Monday, January 3, 2011

Thrilling Men

Day 329 of the "What are you reading, and why?" project and Ted is reading The Universe in a Single Atom, by the Dalai Lama, because his daughter gave it to him for Christmas.  "He's reading it because I gave him the book," says Kim, "knowing he is interested in the science but thinking it would expand his horizons to read something by the D.L.  He said it is interesting, and he mixes reading it up with reading some mystery/spy thriller.  Just for balance because he, too, is a Libra, like me!"


Men and their thrillers!


I woke up thinking about men...pause*...and how they are so often the ones who buy serious stacks of poetry from me at Babbitt's. Women do, too, of course, and you'll recall the recent Sylvia Plath extravaganza, but I realized in bed this morning...pause*...that it is very often young men, some of them graduate students, doing some combination of private study and university project, who buy a series of books by one poet or a set of related poets.  (I see this as a local coincidence, not a gender fact.)


For example, Jeffrey, yesterday, bought books by William Everson, Kenneth Rexroth, and Robert Creeley.  I think Robinson Jeffers would have rounded out the trio, but Jeffrey probably already has Robinson Jeffers, a California poet like Everson and Rexroth, though Jeffers is connected to Carmel and Big Sur, while the other two are connected to San Francisco.  Jeffers died in 1962, but the others were writing through the 1950s and 1960s, and snapping along with the Beat poets.  


Brief Dalai Lama connection.  Everson converted to Catholicism and became the monk Brother Antonius.


But Brother Antonius left monkery to marry a woman and later studied and edited Robinson Jeffers!


Robert Creeley was from New England and is associated with Black Mountain College in North Carolina and Black Mountain Review, another strand in the poetry of the 1950s and 1960s, but he intersects with Allen Ginsberg, which brings us back to the Beats.  So there are thrilling connections here, though I think of Ginsberg's long "Howl" and Creeley's compression as a thrilling contrast in poetic styles.

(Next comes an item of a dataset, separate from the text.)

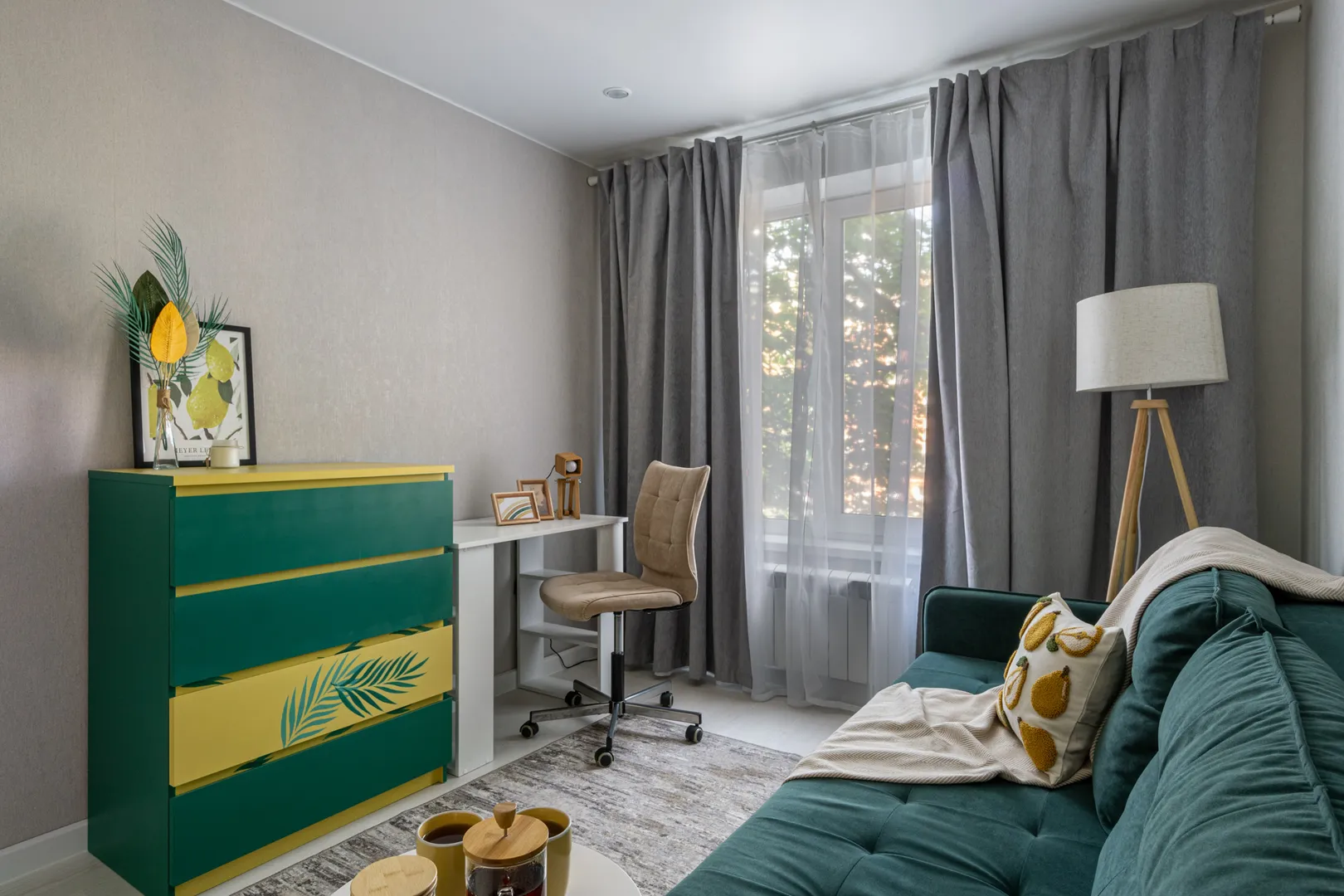 - Во второй комнате размещен двуспальный диван (160х200) и рабочий стол, где можно посидеть за ноутбуком.

*pause to giggle, muse, whatever you like, but I was just thinking, and then I got up and made coffee.


Oh, and did I mention the tall, handsome former body builder buying books yesterday on health and fitness?  We had a conversation about yoga and the common sense wisdom of many health writers of the past.  He was buying a book on body fitness first published in the late 1800's.  Wisdom in the past!  What a thrill.

3 comments:

Kathleen said...

If you click the atom, it will move! Thrillingly!

Sandy Longhorn said...

Yes, thrillingly!

Maureen said...

Now by what magic did you get those atoms to move?

I realized yesterday I had not been following your blog and while I can't make up for all the posts past, I can begin (and do) with today's and look forward to those yet to come.

I did not know Everson had been a monk.